The possibility of the girls being entrusted to Mr. McDonald or Nieama Baxter, Ms. Hill’s oldest child, was raised, but evaporated.

As time passed, the girls seemed increasingly smitten with their new setting. Records show the foster parents took the girls to Disney World, and gave them for Christmas what the girls summarized as everything that they asked for.

In time, the foster family expressed interest in adopting them. For the most part, caseworker reports were quite positive, and the Children’s Village agreed. Ms. Hill was firmly opposed. In April 2008, the Children’s Village filed a petition to terminate Ms. Hill’s parental rights.

This happened even though a caseworker — one of a revolving cast — testified that visits with Ms. Hill were going well.

That same month, without a court order, the agency halted visits between the girls and Ms. Hill, after it got a report from a therapist. The therapist wrote that the foster mother said the girls had been physically abused by Ms. Hill. The report said the girls felt anxious and threatened around their mother and wanted to stop seeing her. The therapist recommended that visits end. She never spoke to Ms. Hill.

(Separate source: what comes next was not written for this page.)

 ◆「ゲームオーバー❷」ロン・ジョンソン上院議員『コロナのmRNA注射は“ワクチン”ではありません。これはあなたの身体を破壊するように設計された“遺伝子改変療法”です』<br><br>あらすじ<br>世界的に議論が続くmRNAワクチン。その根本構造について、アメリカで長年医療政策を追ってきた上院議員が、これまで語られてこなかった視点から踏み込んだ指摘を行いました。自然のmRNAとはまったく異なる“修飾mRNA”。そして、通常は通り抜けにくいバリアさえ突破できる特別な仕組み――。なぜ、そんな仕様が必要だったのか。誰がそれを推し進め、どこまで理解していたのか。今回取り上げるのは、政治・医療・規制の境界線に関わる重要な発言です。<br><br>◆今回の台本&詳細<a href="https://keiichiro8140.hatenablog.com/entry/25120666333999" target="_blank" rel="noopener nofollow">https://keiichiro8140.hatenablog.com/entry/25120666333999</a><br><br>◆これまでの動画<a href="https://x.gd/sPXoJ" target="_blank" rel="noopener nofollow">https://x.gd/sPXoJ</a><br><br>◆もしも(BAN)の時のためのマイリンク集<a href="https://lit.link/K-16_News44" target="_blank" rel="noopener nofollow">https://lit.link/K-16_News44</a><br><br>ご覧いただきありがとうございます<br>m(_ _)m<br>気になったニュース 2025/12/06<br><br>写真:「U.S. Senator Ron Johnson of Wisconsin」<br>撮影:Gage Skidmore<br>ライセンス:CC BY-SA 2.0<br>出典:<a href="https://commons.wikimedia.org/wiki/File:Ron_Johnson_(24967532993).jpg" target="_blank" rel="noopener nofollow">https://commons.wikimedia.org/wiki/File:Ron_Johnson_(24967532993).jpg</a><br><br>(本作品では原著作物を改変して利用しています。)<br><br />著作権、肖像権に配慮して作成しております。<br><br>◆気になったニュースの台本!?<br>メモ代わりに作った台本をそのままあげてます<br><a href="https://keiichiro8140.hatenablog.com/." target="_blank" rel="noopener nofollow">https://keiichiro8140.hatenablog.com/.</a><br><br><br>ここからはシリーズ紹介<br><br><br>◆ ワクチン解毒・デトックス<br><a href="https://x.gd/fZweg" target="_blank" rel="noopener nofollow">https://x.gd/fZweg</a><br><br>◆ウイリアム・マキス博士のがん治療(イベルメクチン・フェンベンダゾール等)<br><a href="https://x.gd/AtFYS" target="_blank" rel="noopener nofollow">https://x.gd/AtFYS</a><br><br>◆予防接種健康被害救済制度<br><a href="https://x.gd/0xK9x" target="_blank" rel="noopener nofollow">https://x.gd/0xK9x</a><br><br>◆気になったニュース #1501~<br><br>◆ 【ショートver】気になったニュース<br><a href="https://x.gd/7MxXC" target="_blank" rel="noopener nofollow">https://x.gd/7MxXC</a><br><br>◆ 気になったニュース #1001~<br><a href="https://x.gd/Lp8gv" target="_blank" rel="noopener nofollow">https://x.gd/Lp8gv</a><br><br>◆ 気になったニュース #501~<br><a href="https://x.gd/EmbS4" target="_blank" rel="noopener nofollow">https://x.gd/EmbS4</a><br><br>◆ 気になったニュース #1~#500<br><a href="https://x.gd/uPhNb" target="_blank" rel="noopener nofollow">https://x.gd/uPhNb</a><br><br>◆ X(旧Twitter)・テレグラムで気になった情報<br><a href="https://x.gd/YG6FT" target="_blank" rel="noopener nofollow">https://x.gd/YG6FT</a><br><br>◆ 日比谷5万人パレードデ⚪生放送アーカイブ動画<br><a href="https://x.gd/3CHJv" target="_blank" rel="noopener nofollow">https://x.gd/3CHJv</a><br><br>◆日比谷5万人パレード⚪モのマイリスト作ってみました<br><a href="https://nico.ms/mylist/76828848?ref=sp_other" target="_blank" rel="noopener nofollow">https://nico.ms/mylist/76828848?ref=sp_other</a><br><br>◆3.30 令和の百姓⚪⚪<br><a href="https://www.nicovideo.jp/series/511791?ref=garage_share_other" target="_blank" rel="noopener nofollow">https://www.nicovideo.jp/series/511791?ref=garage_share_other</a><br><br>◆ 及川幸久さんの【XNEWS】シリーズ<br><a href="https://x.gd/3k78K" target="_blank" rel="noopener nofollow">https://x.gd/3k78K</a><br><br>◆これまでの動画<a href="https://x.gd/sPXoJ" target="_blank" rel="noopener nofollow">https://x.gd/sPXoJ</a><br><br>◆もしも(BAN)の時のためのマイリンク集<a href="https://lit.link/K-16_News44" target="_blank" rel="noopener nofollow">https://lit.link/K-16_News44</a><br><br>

Ms. Hill said she was also told by her caseworker that her daughters didn’t want letters, gifts or phone calls from her.

At this point, Ms. Hill had a new lawyer, Stacy Charland from the Bronx Defenders, a nonprofit group that represents most of the indigent parents in Bronx foster care cases. She challenged the agency’s decision. In early September 2008, a court referee ruled that the agency had to begin “therapeutic visits” between Ms. Hill and her daughters.